The heirs of both men declined an interview request, as did their attorney.
But the ethical dimension of the case is clear, said Reed.
“If we see this as Paul Graupe’s property, it’s pretty clear this is Jewish-owned property that was sold during the Nazi era, and he was never compensated,” she said. In terms of Goldschmidt, Reed said, “Was he using the money from this painting to survive?”
Teitelbaum said it’s not unusual to have so many unanswered questions about the ownership history of a centuries-old object that changes hands during times of great upheaval.
“We always have to balance the loss of witnesses and documentation through the passage of time with judgments about historical circumstances,” he said. “I’m proud to say that years of meticulous research and a thorough investigation led us to this outcome.”

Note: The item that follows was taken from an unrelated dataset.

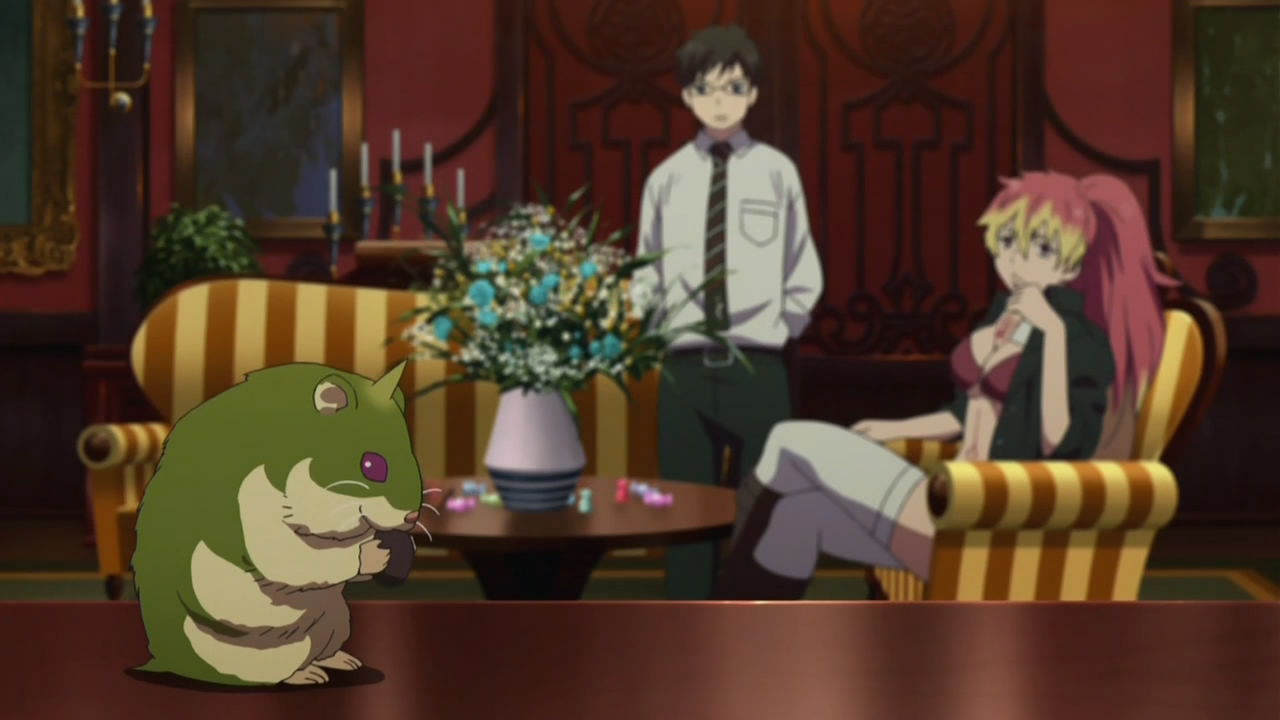 I liked this episode even though it was a filler created by the writers. They wrapped up the whole “I do not like Rin because he is Satan’s son” pretty quick which was great because I could not stand it if it was dragged on for the next six episodes. I particularly enjoyed the Anaimon hamster and Ryuji’s expression when he said that Rin had nothing.
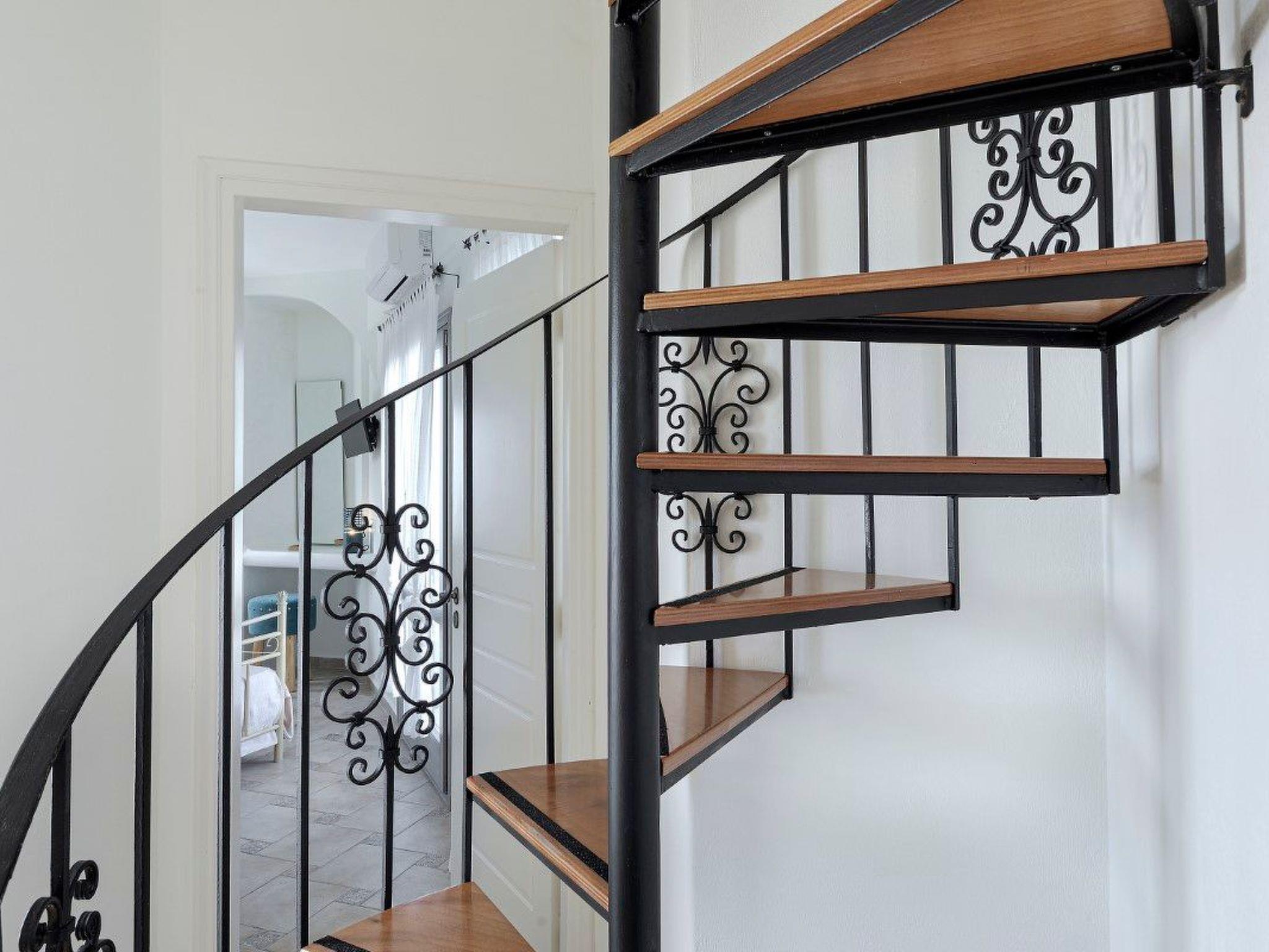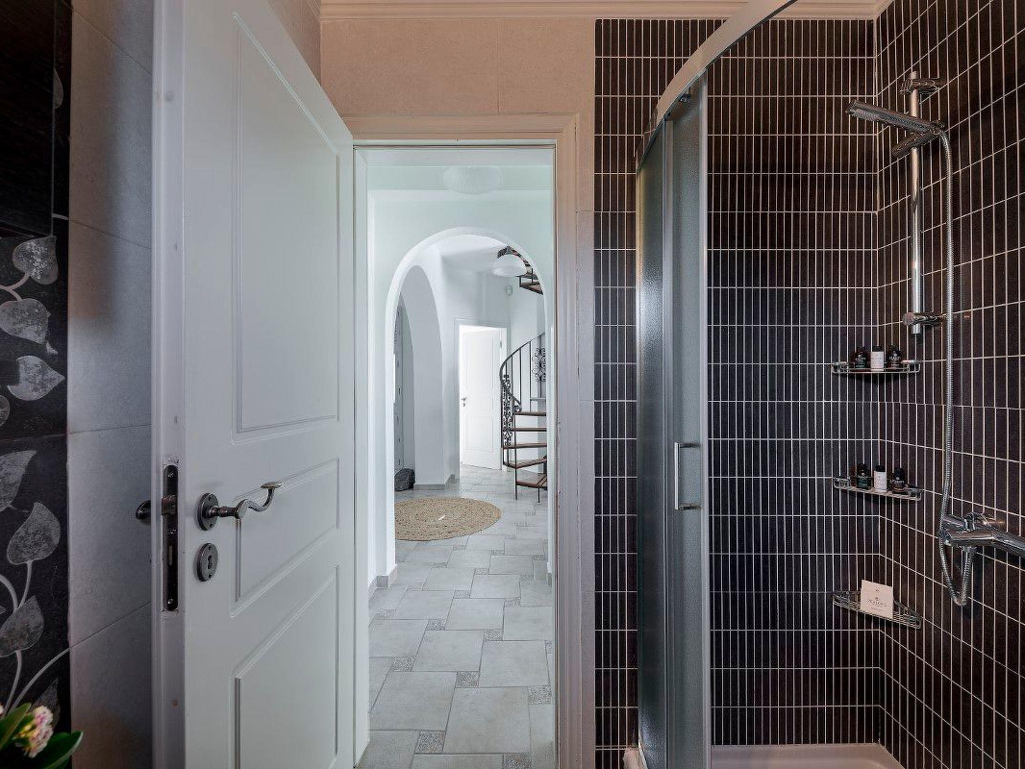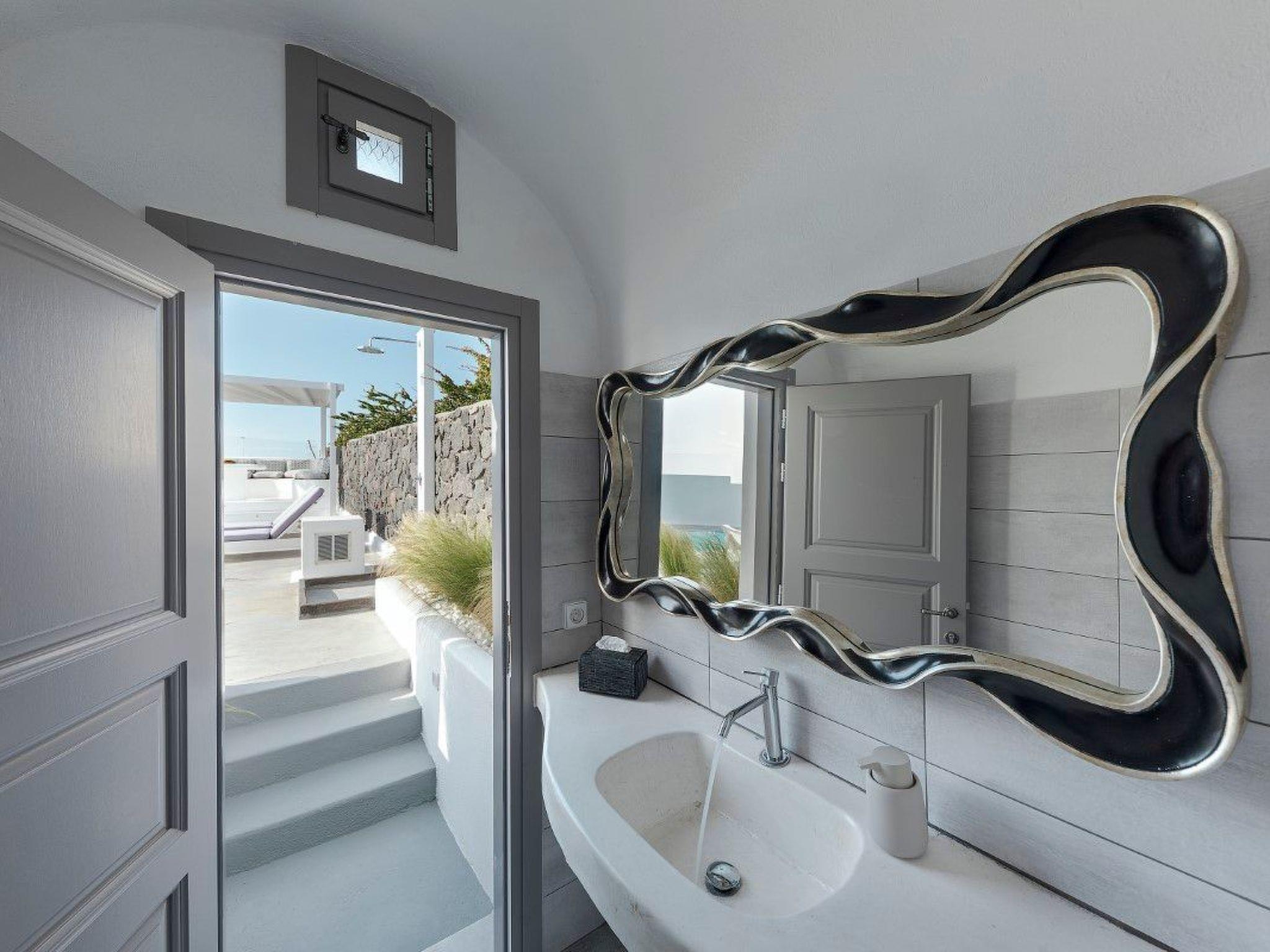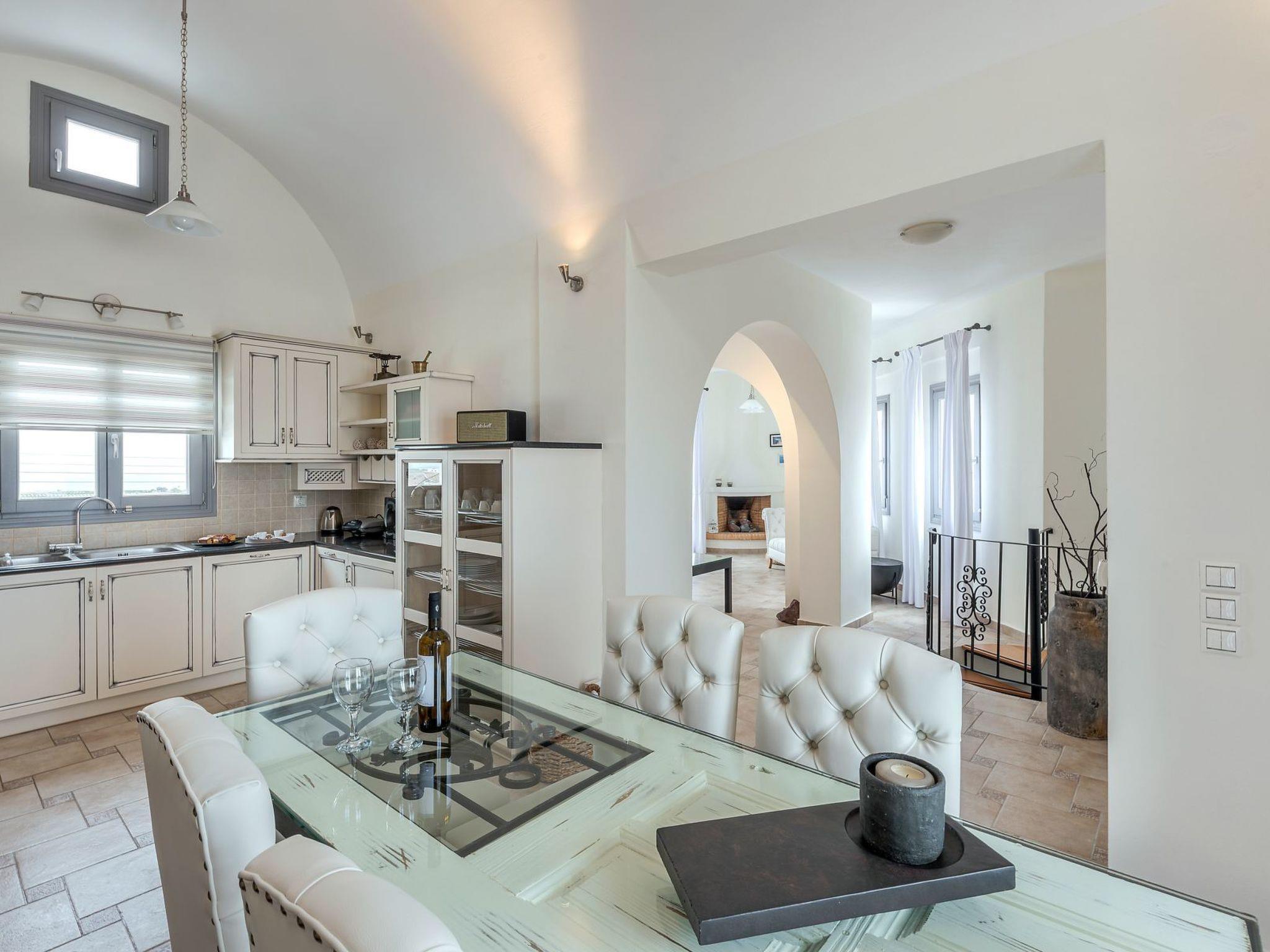 Im Obergeschoss befinden sich ein Wohnzimmer mit Kamin, eine voll ausgestattete Küche, ein Esszimmer, ein Flachbildfernseher, eine Klimaanlage, ein WC und ein Balkon mit einem Essbereich im Freien mit Blick auf die Caldera, den Vulkan und den Swimmingpool. Ein weiterer kleiner Balkon befindet sich an der Fassade der Villa mit Blick auf die Weinberge von Santorin.

In a statement, the Weatherbies said they were “happy that these longstanding ownership issues have been resolved so amicably.”
The painting, which was previously titled “Peasants Conversing in an Interior,” has had its name updated bythe museum and the Weatherbies and will now be exhibited under the more neutral “Customers Conversing in a Tavern.”
It will also be accompanied by a wall label describing its tortuous path to the MFA.
“I think it’s wonderful that we can put the painting on view,” said Reed, “because, really, the goal in redressing all of these material losses is, yes, to right a wrong, but it’s also to preserve the memory of the people who lost this property.”